**Instructions to follow:**
Retype the data below verbatim; pictures do not belong in the copy.

== Data records ==

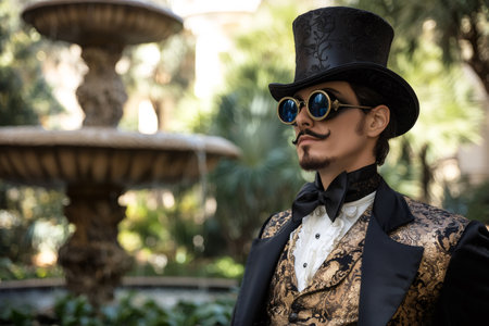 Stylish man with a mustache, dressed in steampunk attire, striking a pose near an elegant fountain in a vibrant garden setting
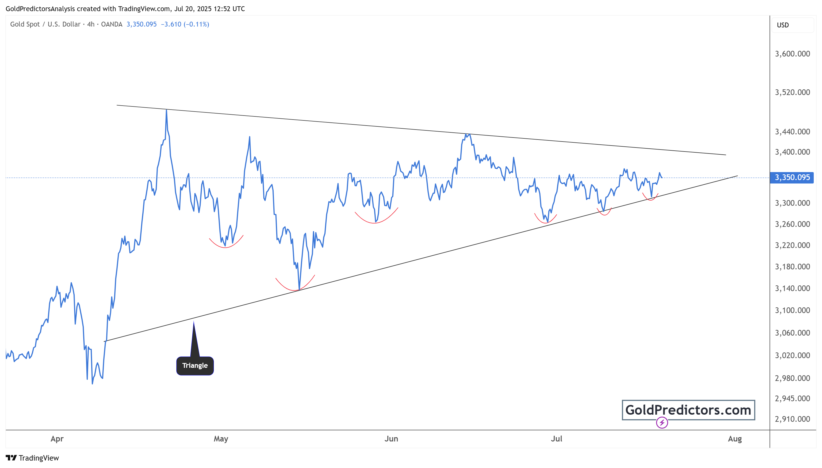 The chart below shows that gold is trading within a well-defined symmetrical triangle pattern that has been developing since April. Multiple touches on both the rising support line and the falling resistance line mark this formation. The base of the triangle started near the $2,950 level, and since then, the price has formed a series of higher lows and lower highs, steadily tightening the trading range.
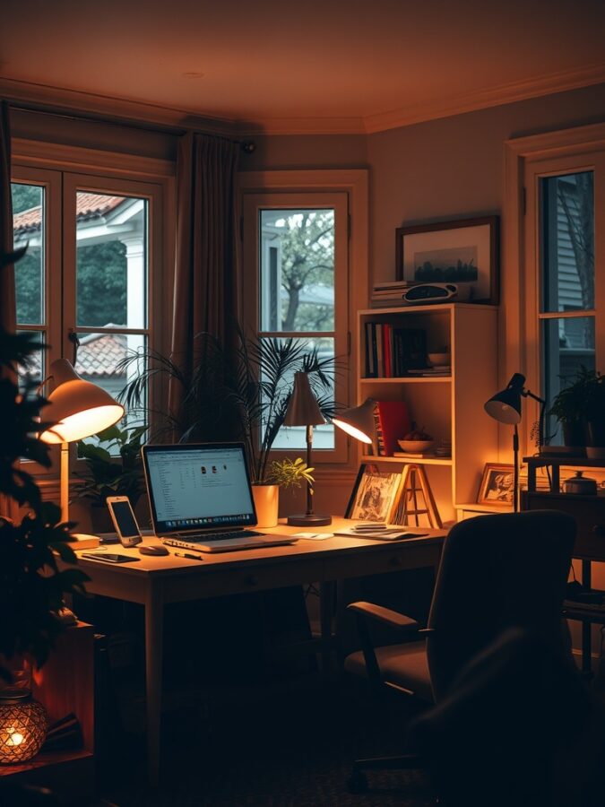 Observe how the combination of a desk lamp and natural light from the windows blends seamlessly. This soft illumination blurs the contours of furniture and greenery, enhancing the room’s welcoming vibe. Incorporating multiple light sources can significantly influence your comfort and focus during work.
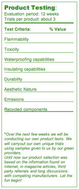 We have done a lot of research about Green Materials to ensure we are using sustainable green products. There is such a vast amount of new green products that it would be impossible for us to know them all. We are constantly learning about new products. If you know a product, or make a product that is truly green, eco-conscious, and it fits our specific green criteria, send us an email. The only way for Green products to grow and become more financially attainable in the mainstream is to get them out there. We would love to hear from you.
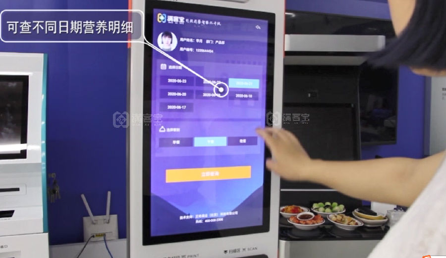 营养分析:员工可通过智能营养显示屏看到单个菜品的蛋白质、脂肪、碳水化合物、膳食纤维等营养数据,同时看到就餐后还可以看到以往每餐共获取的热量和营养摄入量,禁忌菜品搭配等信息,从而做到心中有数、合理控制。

===

**Task result:**
 Stylish man with a mustache, dressed in steampunk attire, striking a pose near an elegant fountain in a vibrant garden setting
 The chart below shows that gold is trading within a well-defined symmetrical triangle pattern that has been developing since April. Multiple touches on both the rising support line and the falling resistance line mark this formation. The base of the triangle started near the $2,950 level, and since then, the price has formed a series of higher lows and lower highs, steadily tightening the trading range.
 Observe how the combination of a desk lamp and natural light from the windows blends seamlessly. This soft illumination blurs the contours of furniture and greenery, enhancing the room’s welcoming vibe. Incorporating multiple light sources can significantly influence your comfort and focus during work.
 We have done a lot of research about Green Materials to ensure we are using sustainable green products. There is such a vast amount of new green products that it would be impossible for us to know them all. We are constantly learning about new products. If you know a product, or make a product that is truly green, eco-conscious, and it fits our specific green criteria, send us an email. The only way for Green products to grow and become more financially attainable in the mainstream is to get them out there. We would love to hear from you.
 营养分析:员工可通过智能营养显示屏看到单个菜品的蛋白质、脂肪、碳水化合物、膳食纤维等营养数据,同时看到就餐后还可以看到以往每餐共获取的热量和营养摄入量,禁忌菜品搭配等信息,从而做到心中有数、合理控制。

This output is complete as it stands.